_Given data_.

※ ※ ※

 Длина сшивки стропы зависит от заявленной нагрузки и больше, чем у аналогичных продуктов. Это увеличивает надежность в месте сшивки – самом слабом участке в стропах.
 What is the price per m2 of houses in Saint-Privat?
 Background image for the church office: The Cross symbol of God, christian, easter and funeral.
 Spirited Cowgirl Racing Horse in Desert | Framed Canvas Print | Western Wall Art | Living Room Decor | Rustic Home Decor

※ ※ ※

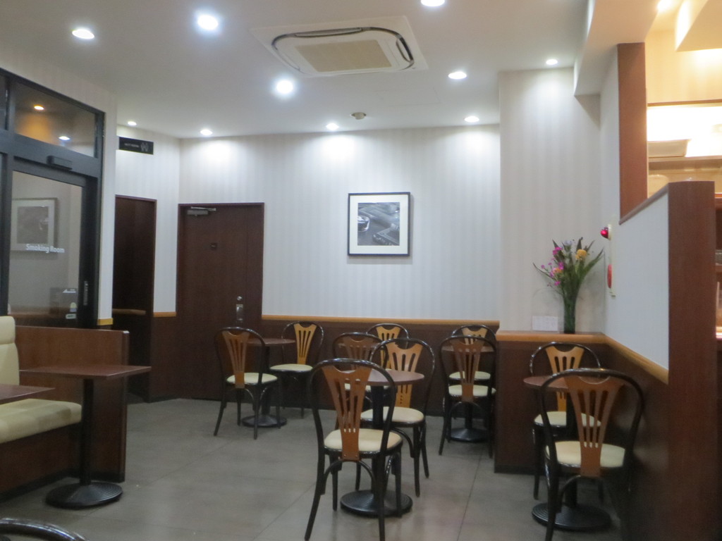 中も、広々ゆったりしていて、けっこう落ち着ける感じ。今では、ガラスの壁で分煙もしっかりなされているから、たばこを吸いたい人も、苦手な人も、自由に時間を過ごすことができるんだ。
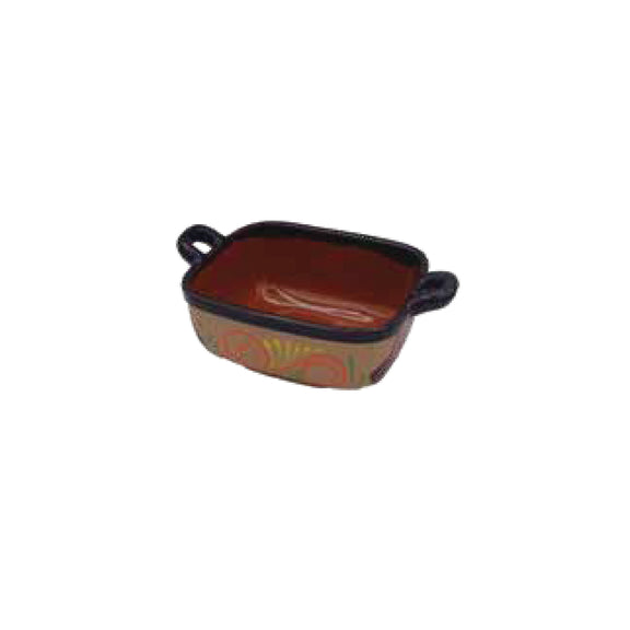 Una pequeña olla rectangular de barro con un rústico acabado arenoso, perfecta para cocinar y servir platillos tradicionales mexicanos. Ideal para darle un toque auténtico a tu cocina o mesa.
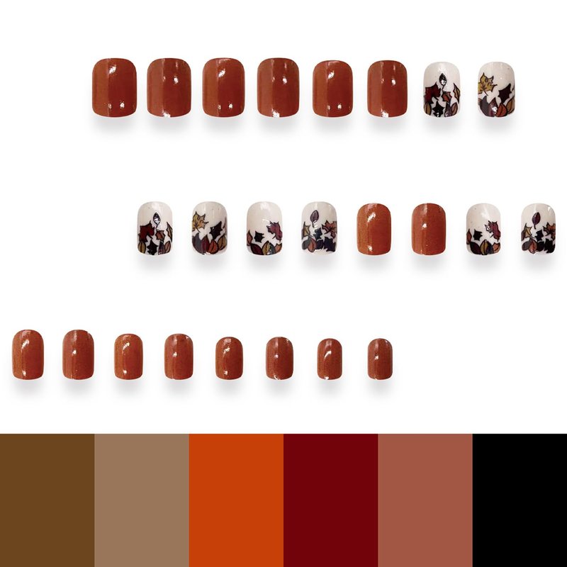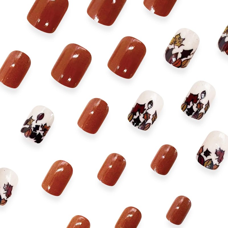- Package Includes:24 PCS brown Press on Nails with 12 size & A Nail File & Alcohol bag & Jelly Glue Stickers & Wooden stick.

※ ※ ※

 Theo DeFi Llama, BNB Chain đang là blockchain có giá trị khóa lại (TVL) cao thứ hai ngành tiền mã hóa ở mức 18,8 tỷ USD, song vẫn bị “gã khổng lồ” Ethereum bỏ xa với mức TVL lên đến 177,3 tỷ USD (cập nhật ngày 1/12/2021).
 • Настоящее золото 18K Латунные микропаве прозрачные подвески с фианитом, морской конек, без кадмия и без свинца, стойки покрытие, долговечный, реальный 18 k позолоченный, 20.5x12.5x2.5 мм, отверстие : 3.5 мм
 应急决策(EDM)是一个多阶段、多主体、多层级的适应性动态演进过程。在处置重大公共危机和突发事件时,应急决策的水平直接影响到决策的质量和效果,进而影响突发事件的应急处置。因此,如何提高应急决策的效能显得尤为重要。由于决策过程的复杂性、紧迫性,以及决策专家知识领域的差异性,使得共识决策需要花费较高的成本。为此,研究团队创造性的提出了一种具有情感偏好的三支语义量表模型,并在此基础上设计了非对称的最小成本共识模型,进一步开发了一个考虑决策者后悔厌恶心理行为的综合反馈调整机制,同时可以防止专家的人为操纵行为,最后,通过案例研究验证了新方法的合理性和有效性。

※ ※ ※

_Task prompt_. Return the material from the line containing "中も、広々ゆったりしていて、" through the line containing "- Package Includes:24", exactly and in full, but without its pictures.

_Answer box_.
 中も、広々ゆったりしていて、けっこう落ち着ける感じ。今では、ガラスの壁で分煙もしっかりなされているから、たばこを吸いたい人も、苦手な人も、自由に時間を過ごすことができるんだ。
 Una pequeña olla rectangular de barro con un rústico acabado arenoso, perfecta para cocinar y servir platillos tradicionales mexicanos. Ideal para darle un toque auténtico a tu cocina o mesa.
- Package Includes:24 PCS brown Press on Nails with 12 size & A Nail File & Alcohol bag & Jelly Glue Stickers & Wooden stick.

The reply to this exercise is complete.